PROBLEM DESCRIPTION -
All of the data goes into your copy exactly as written. Images do not.

MATERIAL PROVIDED -
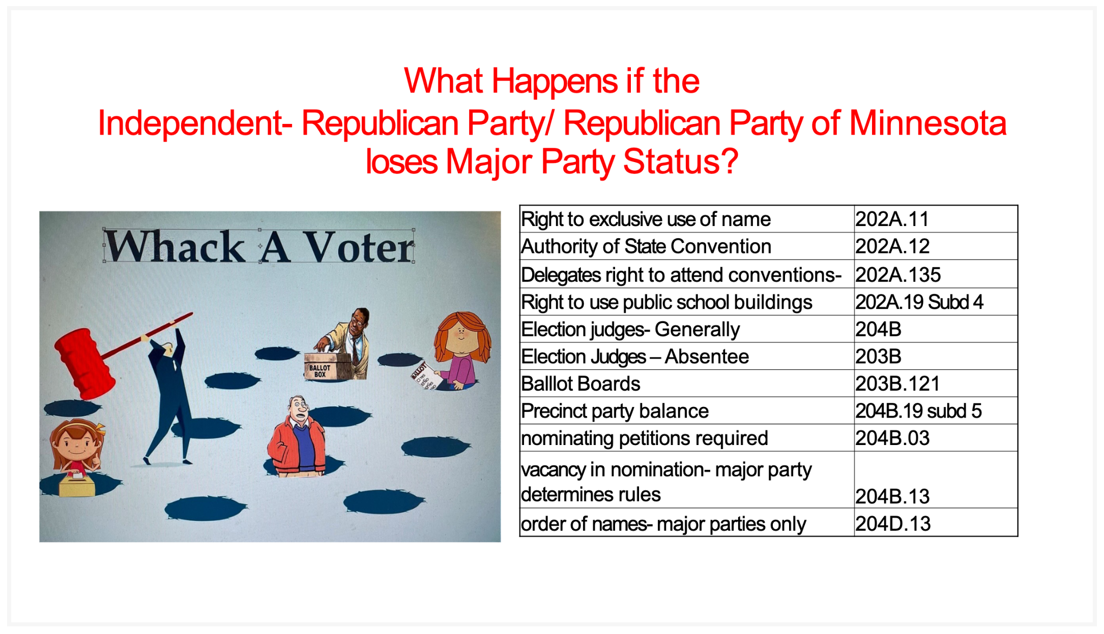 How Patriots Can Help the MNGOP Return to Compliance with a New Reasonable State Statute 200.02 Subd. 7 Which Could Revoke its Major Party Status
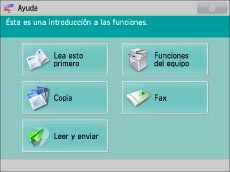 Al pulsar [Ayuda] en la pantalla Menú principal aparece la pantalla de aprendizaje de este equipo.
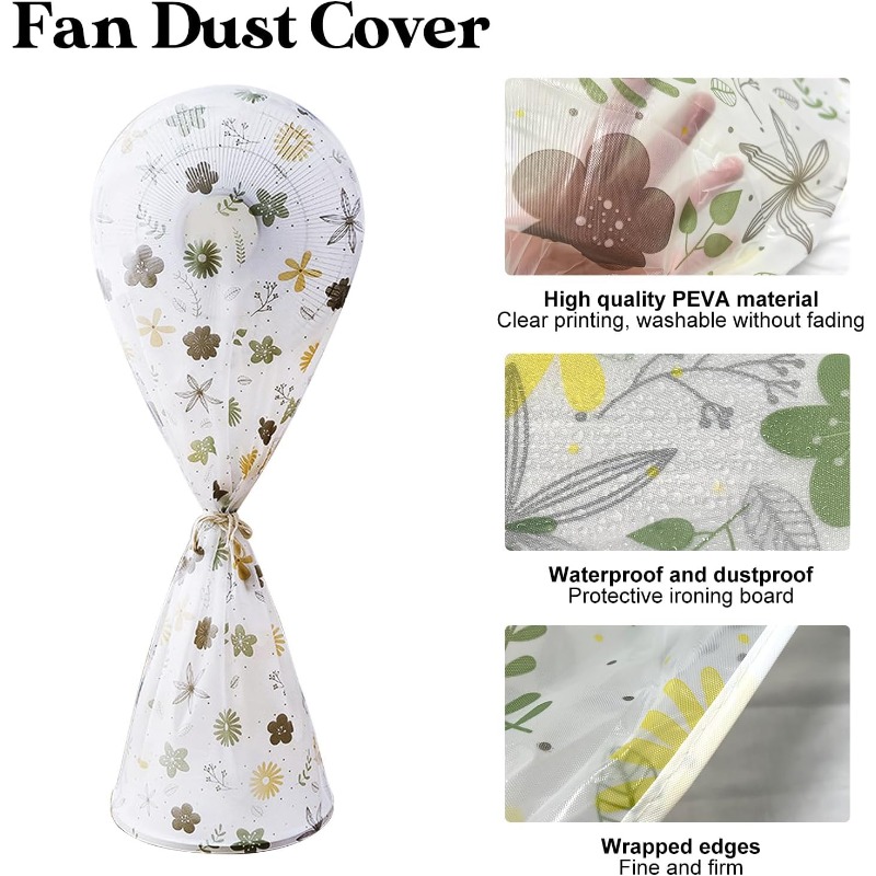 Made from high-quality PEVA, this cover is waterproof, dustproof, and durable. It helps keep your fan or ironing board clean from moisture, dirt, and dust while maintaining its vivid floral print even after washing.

RESULT OF THE EXERCISE -
 How Patriots Can Help the MNGOP Return to Compliance with a New Reasonable State Statute 200.02 Subd. 7 Which Could Revoke its Major Party Status
 Al pulsar [Ayuda] en la pantalla Menú principal aparece la pantalla de aprendizaje de este equipo.
 Made from high-quality PEVA, this cover is waterproof, dustproof, and durable. It helps keep your fan or ironing board clean from moisture, dirt, and dust while maintaining its vivid floral print even after washing.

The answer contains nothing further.